**DATA RECORDS:**

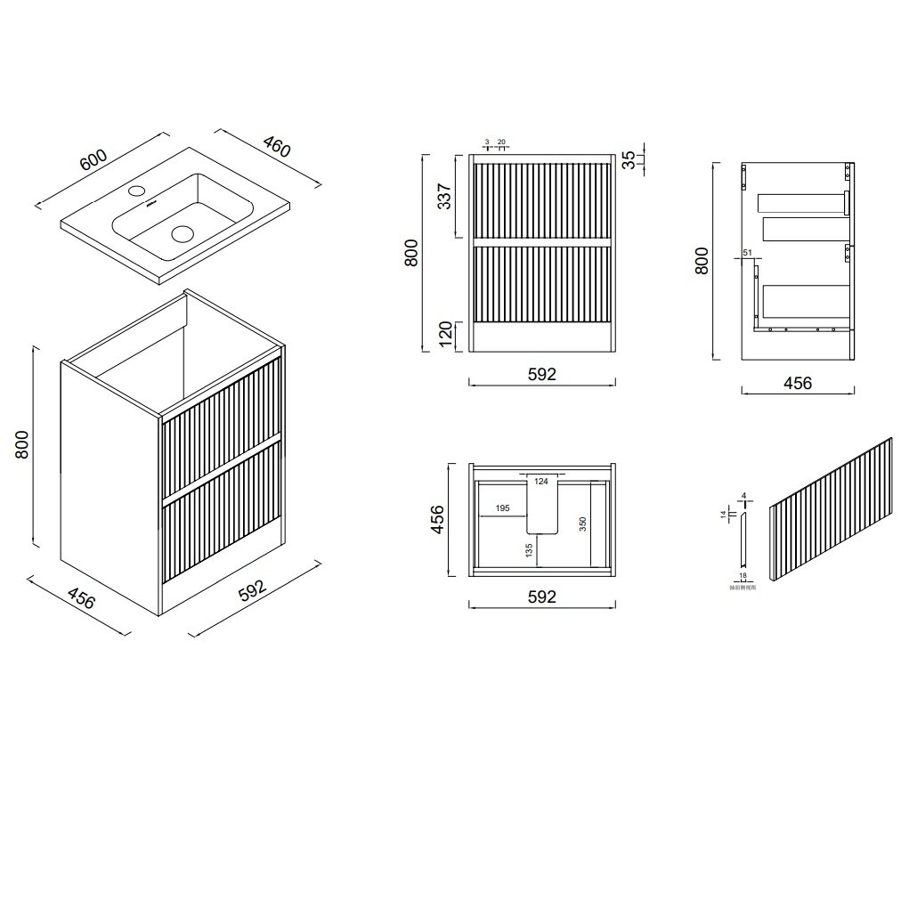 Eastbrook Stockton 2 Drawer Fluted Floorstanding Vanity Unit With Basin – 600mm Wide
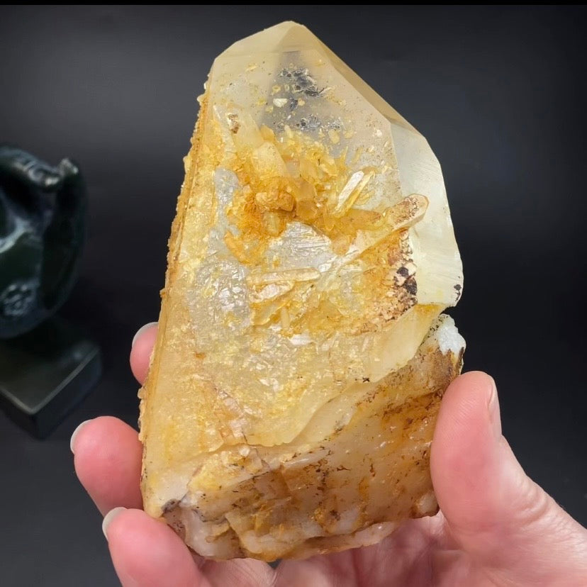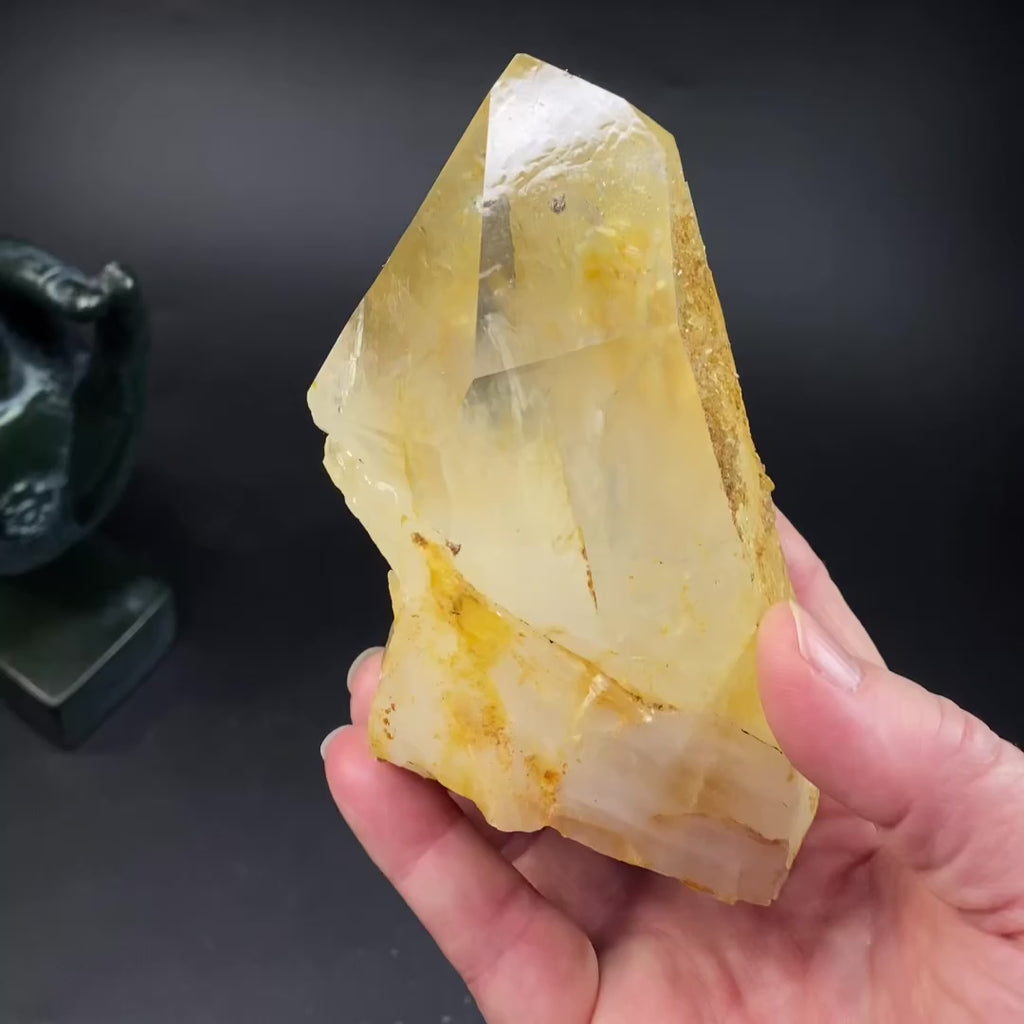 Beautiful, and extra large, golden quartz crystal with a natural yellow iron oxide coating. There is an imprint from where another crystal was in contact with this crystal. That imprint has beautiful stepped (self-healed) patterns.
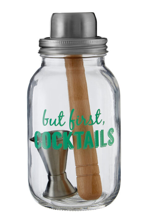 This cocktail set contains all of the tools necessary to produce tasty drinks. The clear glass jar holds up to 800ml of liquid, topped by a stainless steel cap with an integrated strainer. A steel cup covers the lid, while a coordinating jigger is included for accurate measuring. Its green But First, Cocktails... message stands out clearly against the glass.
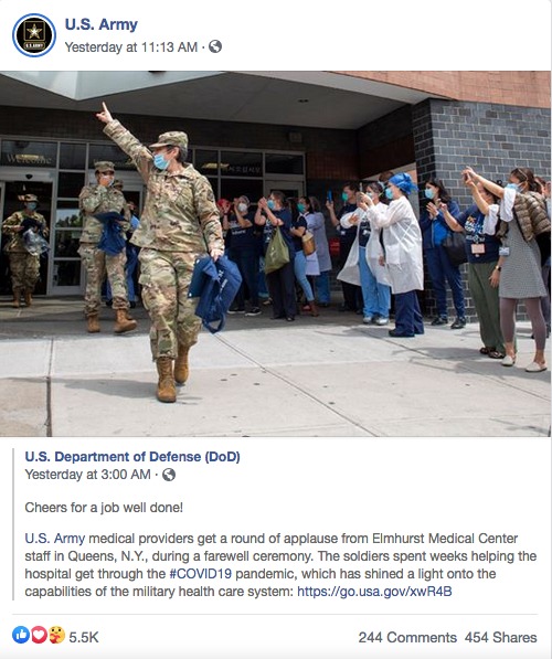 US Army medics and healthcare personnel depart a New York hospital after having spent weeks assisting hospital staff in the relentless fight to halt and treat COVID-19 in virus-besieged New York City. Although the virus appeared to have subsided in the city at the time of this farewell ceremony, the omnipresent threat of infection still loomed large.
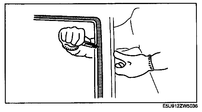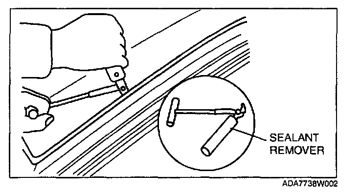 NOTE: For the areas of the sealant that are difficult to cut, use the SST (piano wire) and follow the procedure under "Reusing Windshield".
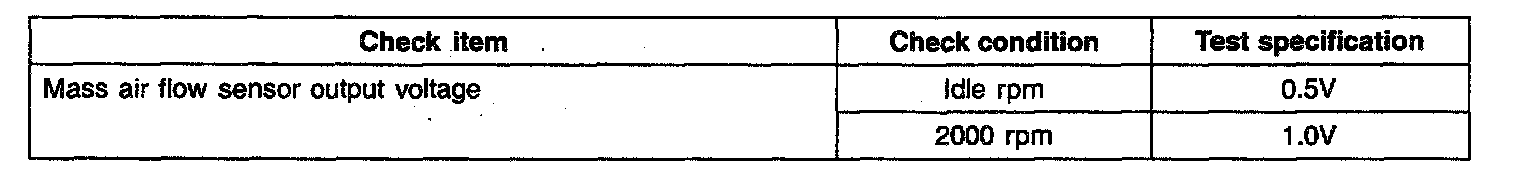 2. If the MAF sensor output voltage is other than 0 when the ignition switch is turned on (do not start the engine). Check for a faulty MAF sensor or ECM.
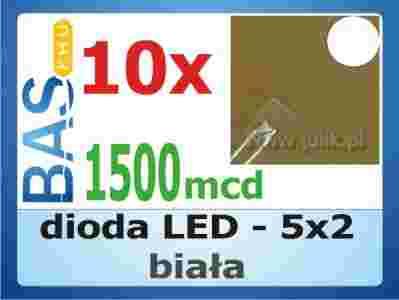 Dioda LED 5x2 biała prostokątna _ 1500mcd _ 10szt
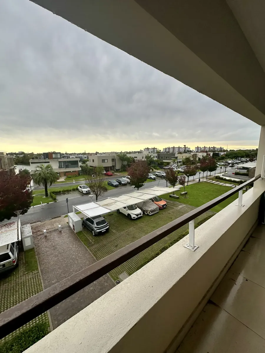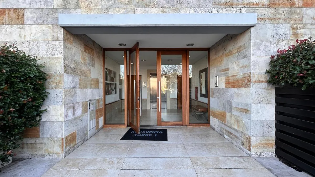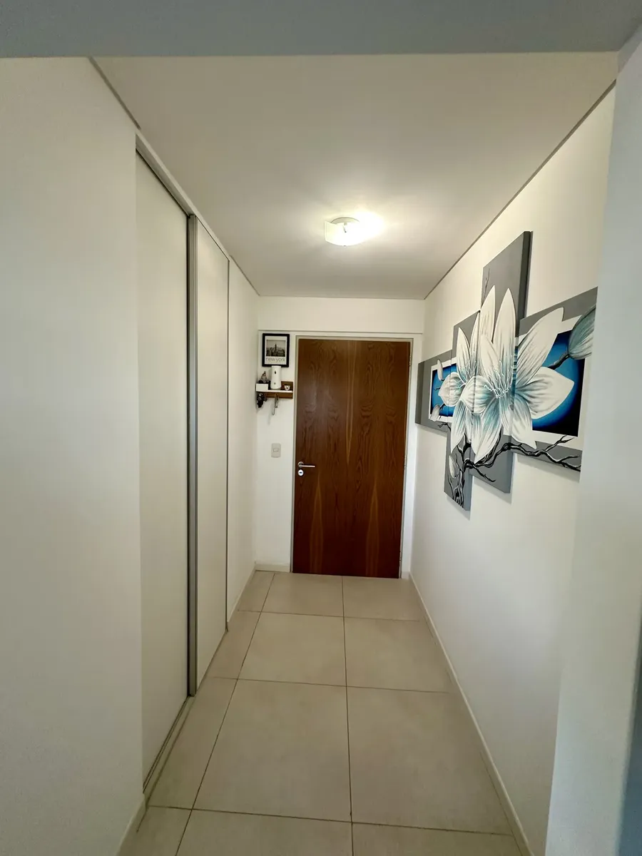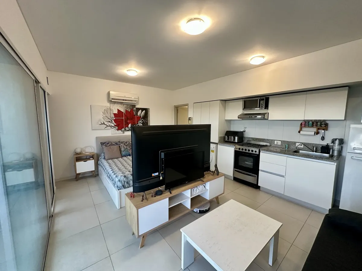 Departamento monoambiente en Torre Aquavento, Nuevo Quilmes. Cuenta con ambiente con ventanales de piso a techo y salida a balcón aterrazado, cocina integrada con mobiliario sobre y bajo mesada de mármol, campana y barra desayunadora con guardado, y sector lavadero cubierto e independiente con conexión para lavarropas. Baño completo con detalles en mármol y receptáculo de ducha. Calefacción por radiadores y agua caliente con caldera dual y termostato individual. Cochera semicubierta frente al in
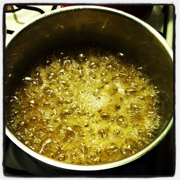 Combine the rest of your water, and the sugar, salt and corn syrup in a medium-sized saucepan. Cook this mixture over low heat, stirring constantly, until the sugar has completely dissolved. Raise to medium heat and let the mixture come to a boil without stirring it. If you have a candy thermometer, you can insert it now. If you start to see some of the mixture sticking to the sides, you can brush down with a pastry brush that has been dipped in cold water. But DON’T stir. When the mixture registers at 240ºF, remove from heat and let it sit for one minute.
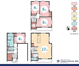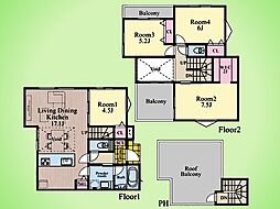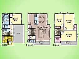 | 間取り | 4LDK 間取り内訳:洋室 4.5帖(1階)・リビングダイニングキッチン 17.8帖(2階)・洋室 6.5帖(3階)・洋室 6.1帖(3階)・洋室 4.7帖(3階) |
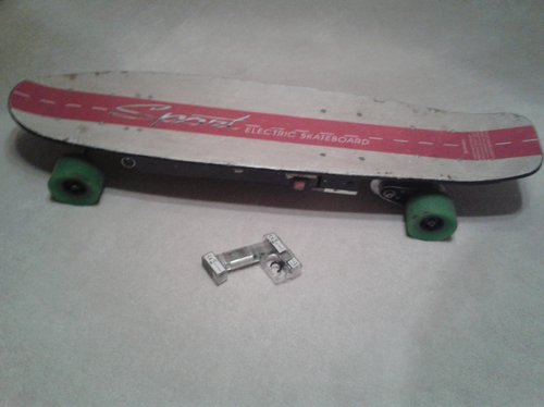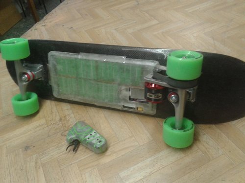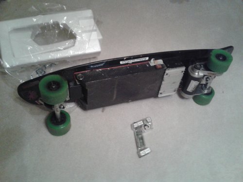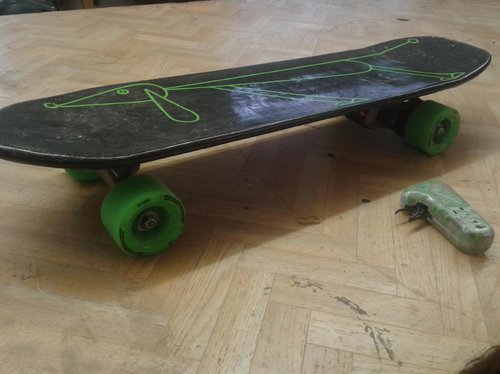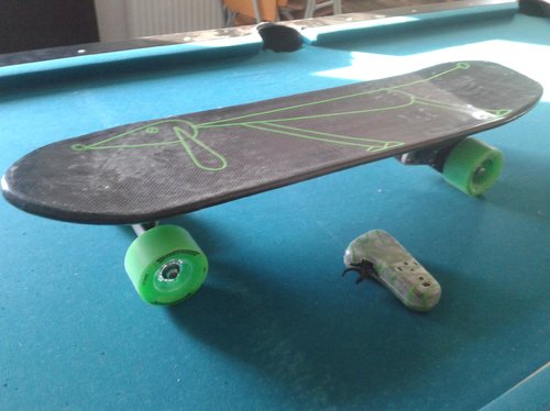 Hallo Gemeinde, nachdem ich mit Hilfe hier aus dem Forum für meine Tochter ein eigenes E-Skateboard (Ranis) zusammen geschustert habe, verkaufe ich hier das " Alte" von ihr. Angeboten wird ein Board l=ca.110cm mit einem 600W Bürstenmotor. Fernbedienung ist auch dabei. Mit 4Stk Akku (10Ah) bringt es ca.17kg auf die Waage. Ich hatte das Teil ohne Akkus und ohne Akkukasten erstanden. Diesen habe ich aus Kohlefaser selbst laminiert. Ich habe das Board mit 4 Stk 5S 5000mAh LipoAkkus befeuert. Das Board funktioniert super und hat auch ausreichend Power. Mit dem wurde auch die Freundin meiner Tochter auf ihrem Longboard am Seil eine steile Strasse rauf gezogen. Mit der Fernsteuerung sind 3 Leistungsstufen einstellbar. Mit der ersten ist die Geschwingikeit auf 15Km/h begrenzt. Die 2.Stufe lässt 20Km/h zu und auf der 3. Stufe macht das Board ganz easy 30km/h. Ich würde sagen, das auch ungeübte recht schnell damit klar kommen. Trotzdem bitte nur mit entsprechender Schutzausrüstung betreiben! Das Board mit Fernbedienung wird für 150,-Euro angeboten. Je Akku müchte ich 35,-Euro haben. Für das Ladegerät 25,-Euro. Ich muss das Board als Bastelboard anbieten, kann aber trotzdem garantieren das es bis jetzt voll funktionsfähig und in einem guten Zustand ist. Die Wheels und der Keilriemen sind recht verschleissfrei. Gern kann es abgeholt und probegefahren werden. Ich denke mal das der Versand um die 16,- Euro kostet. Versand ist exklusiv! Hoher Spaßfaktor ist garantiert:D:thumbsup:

**TRY IT:** Copy exactly the part of the material above that opens with the line containing "Dioda LED 5x2" and closes with the line containing "6.1帖(3階)・洋室 4.7帖(3階) |", ends included. Drop the images.

**EXERCISE RESULT:**
 Dioda LED 5x2 biała prostokątna _ 1500mcd _ 10szt
 Departamento monoambiente en Torre Aquavento, Nuevo Quilmes. Cuenta con ambiente con ventanales de piso a techo y salida a balcón aterrazado, cocina integrada con mobiliario sobre y bajo mesada de mármol, campana y barra desayunadora con guardado, y sector lavadero cubierto e independiente con conexión para lavarropas. Baño completo con detalles en mármol y receptáculo de ducha. Calefacción por radiadores y agua caliente con caldera dual y termostato individual. Cochera semicubierta frente al in
 Combine the rest of your water, and the sugar, salt and corn syrup in a medium-sized saucepan. Cook this mixture over low heat, stirring constantly, until the sugar has completely dissolved. Raise to medium heat and let the mixture come to a boil without stirring it. If you have a candy thermometer, you can insert it now. If you start to see some of the mixture sticking to the sides, you can brush down with a pastry brush that has been dipped in cold water. But DON’T stir. When the mixture registers at 240ºF, remove from heat and let it sit for one minute.
 | 間取り | 4LDK 間取り内訳:洋室 4.5帖(1階)・リビングダイニングキッチン 17.8帖(2階)・洋室 6.5帖(3階)・洋室 6.1帖(3階)・洋室 4.7帖(3階) |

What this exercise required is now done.